Изменить размер шрифта - +
В армии было все понятно, здесь — ничего. «В городе ничего не изменилось, только девочки стали взрослыми девушками. Но они жили в таком сложном мире давно установившейся дружбы и мимолетных ссор, что у Кребса не хватало ни энергии, ни смелости войти в этот мир». Он прогуливался по городу, демонстрируя офицерский плащ, хромоту и красивую трость. Валялся на кровати, ходил в библиотеку. Его комната была полна сувениров — патроны, осколки, каски, ракетница, которая сгодилась на фейерверк для малышей. Пить дома было строжайше запрещено; он тайком добывал коньяк и ликеры, учил Марселину и Санни пить, курить и ругаться, убеждал их, что за пределами Оук-Парка есть «настоящая жизнь». Он никак не мог повзрослеть.

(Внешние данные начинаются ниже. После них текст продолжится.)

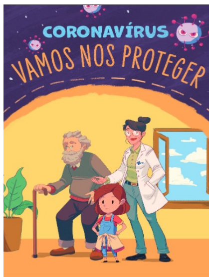
Figura 2 – Capa da Cartilha

A tematização discursiva do enfrentamento da pandemia de Covid-19 pela informação e prevenção, que desfecha na reconfiguração de hábitos de adultos e crianças no isolamento social recomendado, constitui o discurso aparente que orienta socialmente a produção da Cartilha (Figura 2), do Ministério da Saúde, como elo enunciativo refratário do acontecimento maior que perpassa a realidade social: o cronotopo da pandemia da Covid-19.

«Он (Кребс. — М. Ч.) смутно ощущал потребность в женщине. Ему нужна была женщина, но лень было ее добиваться. Он был не прочь иметь женщину, но не хотел долго добиваться ее. Не хотел никаких уловок и ухищрений. Он не хотел тратить время на ухаживание. Не хотел больше врать. Дело того не стоило. Он не хотел себя связывать. Он больше не хотел себя связывать. Он хотел жить, не связывая себя ничем. Да и не так уж была ему нужна женщина. Армия приучила его жить без этого. Было принято делать вид, что не можешь обойтись без женщины. Почти все так говорили. Но это была неправда. Женщина была вовсе не нужна. Это и было самое смешное. Сначала человек хвастался тем, что женщины для него ничего не значат, что он никогда о них не думает, что они его не волнуют. Потом он хвастался, что не может обойтись без женщин, что он дня не может без них прожить, что он не может уснуть без женщины. Все это было вранье. <…> Дело того не стоило. Вот чем были хороши француженки и немки. Никаких этих разговоров».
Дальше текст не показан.